Hra s Kameny (1965) tratta l'universalità del tempo. Protagonista è proprio un orologio "rubinetto", che figlia man mano cose più complesse: l'amore, l'odio, tutto rappresentato dalla durezza della pietra.
Con Rakvickarna (La fabbrica di bare, 1966) ritorna il tema della contrapposizione, condito di altro. Colorati burattini amatoriali in un ambiente di cartapesta, articoli di giornale e documenti illustrativi, marche di prodotti e musica da teatrino. Apre un'allegra banda che passa la mano al caos quotidiano, fino ad arrivare all'idea di famiglia e ai sentimenti verso il prossimo. Finale prevedibile, è lo spettacolo della vita. Forse la migliore opera dei primi sessanta.
Et cetera (1966): l'esistenza come nelle immagini esplicative dei vecchi dizionari... animate dal maestro!
Historia Naturae, Suita (1967): fra Arcimboldi ed un libro di scienze, l'arte naturale delle creature terrene e l'uomo che le distrugge, passando poi a compiere la stessa azione su se stesso.
Zahrada (Il giardino, 1968) è l'unico di questo primo lotto a non utilizzare né passo uno né animazioni. Parte convenzionalmente ma poi rapisce, la sorpresa è nella mente dell'attore e dello spettatore. Rappresentazione sociale, tutto va curato e coltivato.
Picknick mit Weissmann (1968): l'uomo bianco è l'etereo protagonista... La mancanza delle piccole gioie porta al decadimento, alla fine.
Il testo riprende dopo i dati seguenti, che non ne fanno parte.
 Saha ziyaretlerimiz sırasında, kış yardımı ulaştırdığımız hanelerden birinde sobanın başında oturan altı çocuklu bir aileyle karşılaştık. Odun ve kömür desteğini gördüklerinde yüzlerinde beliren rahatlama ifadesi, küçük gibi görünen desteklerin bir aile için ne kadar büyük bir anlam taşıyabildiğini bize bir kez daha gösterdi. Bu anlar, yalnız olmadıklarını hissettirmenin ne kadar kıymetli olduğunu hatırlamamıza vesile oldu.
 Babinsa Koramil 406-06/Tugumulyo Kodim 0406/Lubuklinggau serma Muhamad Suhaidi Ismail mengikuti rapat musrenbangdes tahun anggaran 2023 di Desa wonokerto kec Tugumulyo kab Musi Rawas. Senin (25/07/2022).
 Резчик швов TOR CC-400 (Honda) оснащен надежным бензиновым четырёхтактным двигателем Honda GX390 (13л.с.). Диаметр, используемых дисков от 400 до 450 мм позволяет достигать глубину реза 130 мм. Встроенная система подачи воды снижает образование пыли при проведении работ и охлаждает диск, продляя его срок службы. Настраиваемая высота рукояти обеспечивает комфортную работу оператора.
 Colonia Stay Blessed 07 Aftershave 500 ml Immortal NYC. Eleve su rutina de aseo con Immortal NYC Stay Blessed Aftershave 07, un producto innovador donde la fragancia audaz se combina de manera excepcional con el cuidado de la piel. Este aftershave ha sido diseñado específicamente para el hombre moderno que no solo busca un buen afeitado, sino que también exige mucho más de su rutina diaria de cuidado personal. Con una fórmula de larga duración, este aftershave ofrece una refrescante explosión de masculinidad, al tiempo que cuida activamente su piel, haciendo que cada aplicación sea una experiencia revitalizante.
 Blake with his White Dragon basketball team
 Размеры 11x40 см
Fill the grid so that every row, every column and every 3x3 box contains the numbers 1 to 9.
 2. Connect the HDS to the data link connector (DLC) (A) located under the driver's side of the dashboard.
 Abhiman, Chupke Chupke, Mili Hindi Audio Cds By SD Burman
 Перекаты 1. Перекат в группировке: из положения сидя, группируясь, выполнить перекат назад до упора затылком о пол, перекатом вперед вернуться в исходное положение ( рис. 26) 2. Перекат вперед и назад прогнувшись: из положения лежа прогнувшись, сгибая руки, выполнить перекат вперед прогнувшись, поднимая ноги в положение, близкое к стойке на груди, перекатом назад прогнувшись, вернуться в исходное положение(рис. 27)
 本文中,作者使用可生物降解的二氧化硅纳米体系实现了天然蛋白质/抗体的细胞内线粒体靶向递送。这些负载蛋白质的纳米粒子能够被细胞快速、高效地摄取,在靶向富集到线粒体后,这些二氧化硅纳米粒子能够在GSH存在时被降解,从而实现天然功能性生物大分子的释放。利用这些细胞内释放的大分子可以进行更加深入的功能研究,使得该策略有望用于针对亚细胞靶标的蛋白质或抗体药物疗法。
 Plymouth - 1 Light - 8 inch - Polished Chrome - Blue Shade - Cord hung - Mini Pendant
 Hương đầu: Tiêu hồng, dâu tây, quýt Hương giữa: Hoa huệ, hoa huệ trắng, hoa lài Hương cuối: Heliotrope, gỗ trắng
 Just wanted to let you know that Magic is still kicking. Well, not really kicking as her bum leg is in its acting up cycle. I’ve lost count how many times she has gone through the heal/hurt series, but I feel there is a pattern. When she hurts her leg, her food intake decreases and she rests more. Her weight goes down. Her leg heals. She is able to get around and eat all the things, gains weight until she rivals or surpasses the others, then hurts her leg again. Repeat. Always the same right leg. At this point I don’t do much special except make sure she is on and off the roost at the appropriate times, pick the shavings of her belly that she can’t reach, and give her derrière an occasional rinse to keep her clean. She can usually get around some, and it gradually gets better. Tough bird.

Foglie a coprire il grammofono, per simboleggiare l'appiattimento.
Byt (L'appartamento, 1968): “Lynchano” ed in bianco e nero. Un uomo si ritrova in un appartamento del suo inconscio, questo dopo aver perso la via maestra, i propri percorsi. La luce tenta di aprire un varco ma uscire è difficile, si viene respinti. Allora cerca di trovare input, cibo per la mente. Si arrangia, prende quello che riesce, tramite i mezzi a disposizione, ma senza guida, aiuto o propria e forte volontà è un'impresa castrata. Un personaggio appare fugacemente e senza il dovuto slancio, ma fortunatamente il finale è liberatorio: ciò che cercava il protagonista era se stesso. Il migliore della seconda metà del decennio, si inizia a comprendere un tema stilistico del regista che proseguirà negli anni successivi.
Tichý týden v dome (Una tranquilla settimana in casa, 1969) è il meno breve del decennio in termini strettamente tempistici. Metaforicamente vi è la difficoltà di espressione, di dialogo, di esternazione; tutto è imbrigliato, liquidato. I gesti quotidiani inframezzano ed hanno il loro spazio. In questo caso presenzia il bianco e nero alternato con il colore, la dimensione onirica è rappresentata da quest'ultimo.